As we head into the stretch run of the fantasy football season, a lot of critical thinking will be necessary for you to make the playoffs and make a run at the title.
Have you made the right decisions that place you at the top of your league’s standings? Or have injuries and bad luck ruined your mojo with you taking up residence at the bottom of the cellar?
In any event, don’t get too high or too low. That’s not to say that you can’t do better if you follow some certain strategies and avoid some pitfalls.
With that said, here are seven strategies to avoid when it comes to fantasy football.
It may sound blasphemous, but riding the hot hand and not reputation could spell ultimate doom.
Now, some will look to Chris Johnson and say reputation means squat. True, Johnson has been a colossal bust, but he is more the exception and not the rule.
Look at the slow start Frank Gore got off to this year, only rushing for 148 yards in his first three games. Since then, Gore has been a beast, rushing for 634 yards and four touchdowns. So if you started some other stiff who may have gotten off to a hot start (think Tim Hightower before his injury) instead of Gore in Week 4, then it could have done you in.

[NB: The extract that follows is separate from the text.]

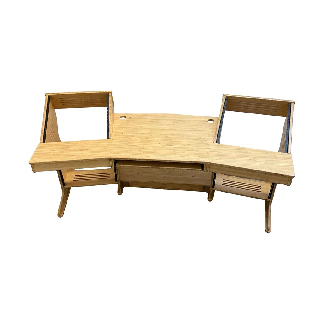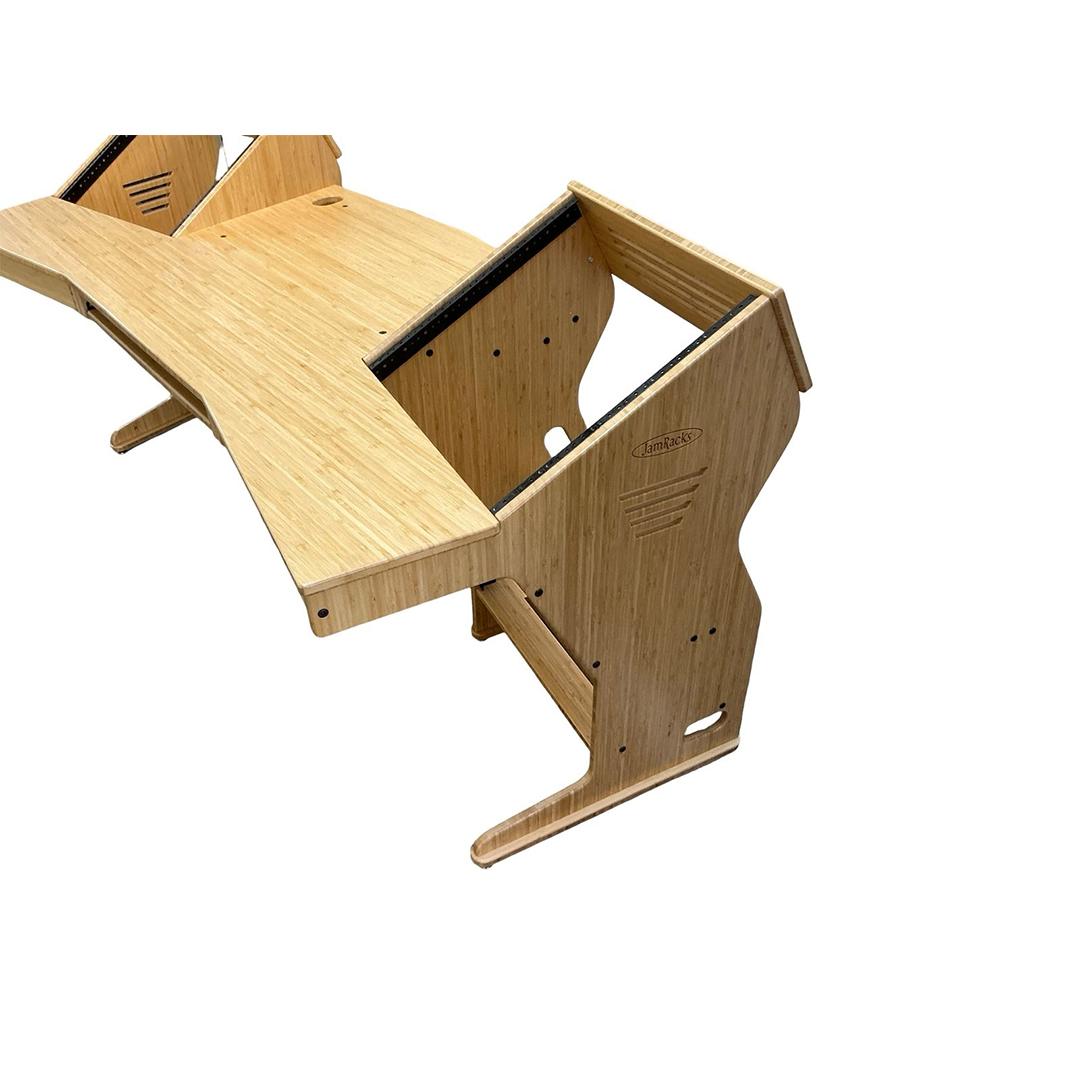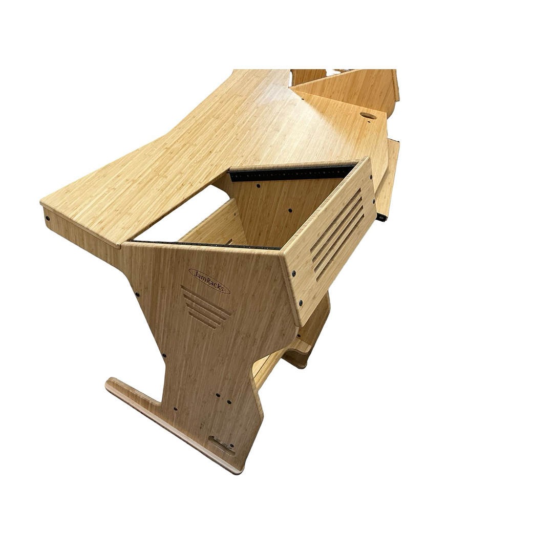 The JamRacks Wing Desk is the perfect production desk with room for small mixers. It features a front slide out tray for a computer keyboard and mouse, and a rear slide out tray for a monitor or mounted monitor arm. Each rack bay provides 10 spaces up and 4 spaces down, totaling 28 rack spaces. Dimensions: W-79″ x D-34-1/4″ x H-28-1/4″ to work top, 37-1/4″ to top of racks. There is 30″ of space between the front corners of the upper racks.

In other words, trust your studs.
People in my leagues do it all the time.
Someone will always fall in love with a receiver who just had a great breakthrough game and immediately go to the waiver wire and scoop him up.
The caveat here is this really doesn’t apply to rookies. They are a precocious bunch who can either go boom or bust (a la A.J. Green and Julio Jones). So, if a rookie breaks out, there is a decent chance they can keep it up, especially if they were a high draft choice in the NFL draft.
No, I am talking about the vet who has been in the league for a few years who just had that breakout game. Here is a list of receivers who have had 100-plus-yards in a game this year but have yet to sustain their success:
The key is to grab receivers who have been in the league three years or less and are now getting new opportunities to succeed (i.e. Victor Cruz, Darrius Heyward-Bey, Michael Crabtree, Antonio Brown and Eric Decker).
The message here is be patient.
Look at the success of guys like Arian Foster, LeGarrette Blount, Marques Colston, Brandon Lloyd, Julio Jones and Antonio Gates this year. All of the above have missed two-plus games and yet are very important members of countless fantasy squads.
Consider the severity of the injury and assess what can be had back if you drop said player. Say, even if Gates misses something like five games, his production in the other 7-11 (for fantasy schedules) games will be more than what a player of his replacement (a la a Jared Cook) would give you in the time he misses.
Call this the Tim Tebow rule.
While Tebow is mostly viewed as a dreadful NFL quarterback, the guy makes plays. He does enough with his legs to matter in fantasy. No one cares about completion percentages when he scores 20-plus points.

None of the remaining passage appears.